2020s – Geopolitical conflict, supply chain attacks, and increased UK focus

2020

  • The rapid shift to remote working due to Covid-19 led to increased frequency and intensity of cyber attacks on remote workers.
  • Broadband provider Virgin Media exposed the personal data of 900,000 customers for around ten months due to a database misconfiguration.
  • Construction company Interserve exposed 113,000 staff records after an employee forwarded a phishing email, leading to attackers uninstalling antivirus software and encrypting data.
  • The SolarWinds supply chain attack occurred, where hackers compromised the vendor’s systems and added malicious code to its software updates.

2021

  • Supply chain attacksbecame a key threat, often catching organizations unwittingly.
  • The Colonial Pipeline fuel group in the US was attacked by the Darkside ransomware group, serving as a “wake-up call” to the potential impact on critical national infrastructure (CNI).
  • The Log4Shell zero-day vulnerability was discovered, considered arguably one of the largest and most critical vulnerabilities ever due to its ubiquity and ease of exploitation.

2022

  • Cyber threats increased significantly due to the fallout from Russia’s invasion of Ukraine.
  • The Ronin Network was compromised, leading to the theft of approximately $620 million in Ether and USDC, later attributed by the FBI to the North Korean state-sponsored Lazarus Group.

2023

  • Ransoms paid by companies reached $1 billion.
  • A cyberattack on DP World paralysed imports and exports in Australia for several days.

2024

  • Russian hackers infiltrated Microsoft’s systems, accessing staff and customer emails.
  • The NCSC responded to several cyber-attacks in the health sector, including the ransomware attack on pathology services provider Synnovis. This incident caused significant clinical healthcare disruption across London, incurred costs of £32.7 million, and directly contributed to at least one patient death.
  • The UK and allies publicly uncovered a Russian military unit carrying out cyber-attacks and digital sabotage for the first time.
  • The NCSC issued advice to counter a China-linked campaign targeting thousands of devices.
  • All UK schools were made eligible for the free protective DNS (PDNS) cyber resilience service.
  • The 10th anniversary of the Cyber Essentials scheme was marked.

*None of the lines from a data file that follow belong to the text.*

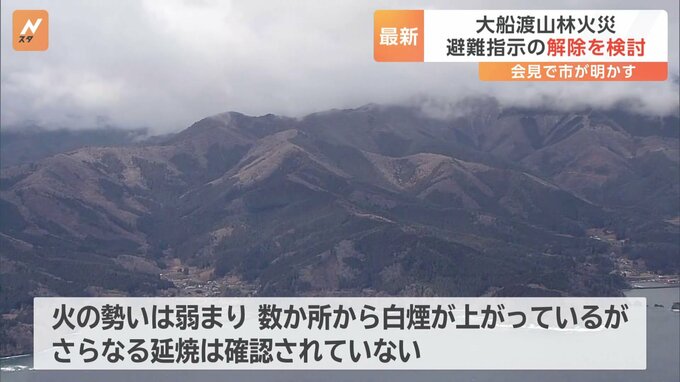 岩手県大船渡市の山林火災について、市はきょう午前の会見で赤崎町の一部地域で避難指示の解除を検討していることを明らかにしました。大船渡市の防災担当者「赤崎町の一部地域において現在、避難指示解除を検討中…
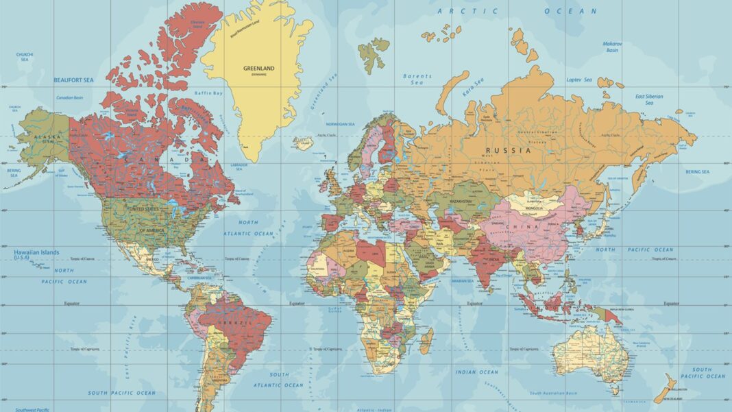 The Mercator projection of the world distorts the sizes of some continents, enlarging areas near the poles like North America and Greenland while shrinking Africa and South America.
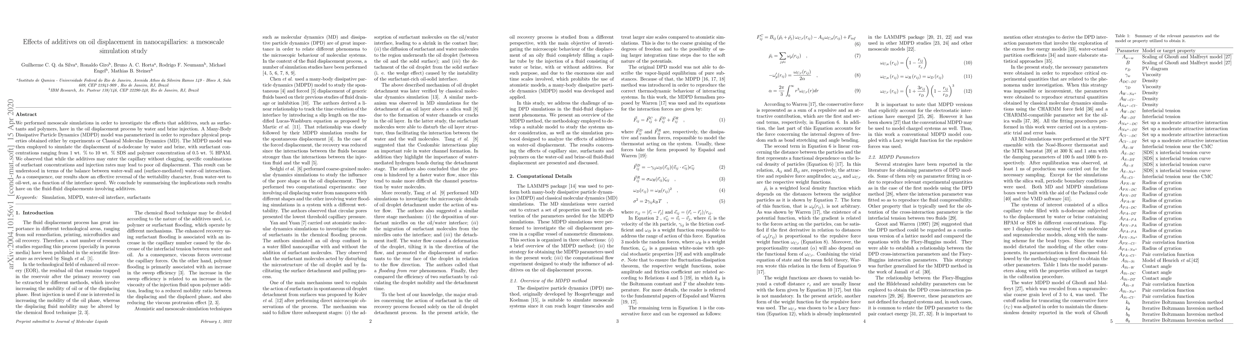 We performed mesoscale simulations in order to investigate the effects that additives, such as surfactants and polymers, have in the oil displacement process by water and brine injection. A Many-Body Dissipative Particle Dynamics (MDPD) model was parameterized in order to reproduce physical properties obtained either by experiments or Classical Molecular Dynamics (MD). The MDPD model was then employed to simulate the displacement of n-dodecane by water and brine, with surfactant concentrations ranging from 1 wt. % to 10 wt. % SDS and polymer concentration of 0.5 wt. % HPAM. We observed that while the additives may enter the capillary without clogging, specific combinations of surfactant concentrations and injection rates may lead to poor oil displacement. This result can be understood in terms of the balance between water-wall and (surface-mediated) water-oil interactions. As a consequence, our results show an effective reversal of the wettability character, from water-wet to oil-wet, as a function of the interface speed. We conclude by summarizing the implications such results have on the fluid-fluid displacements involving additives.

2024–2025 (NCSC Annual Review Period)

  • The NCSC Incident Management Team handled 429 total cyber incidents, with 204 classified as nationally significant—a staggering 129% increase from the previous year.
  • Incidents categorised as highly significant (category 2) reached 18, marking a 50% increase for the third consecutive year.
  • High-profile ransomware attacks impacted major organisations, including Marks & Spencer, the Co-op Group and Jaguar Land Rover. The estimated cost of the Marks and Spencer incidents exceeded £300m.
  • Attacks exploiting vulnerabilities in legacy systems, such as those related to Microsoft SharePoint Server, Ivanti Connect Secure, and Fortinet FortiManager (three CVEs), were associated with 29 incidents managed by the NCSC.

2025

  • The NCSC published new guidance outlining a three-phase timeline for organisations to transition to quantum-resistant encryption methods by 2035.
  • DSIT and the NCSC launched the Cyber Governance Code of Practice and Training for Boards.
  • The NCSC led international attribution against the Russian military intelligence group APT28.
  • Iranian state television faced a broadcast signal intrusion by Israeli hackers.
  • The Cyber Assessment Framework (CAF) v4.0 was launched to support essential service providers in strengthening cyber risk management.
  • Cyber security revenues are forecasted to reach $290 billion by 2027.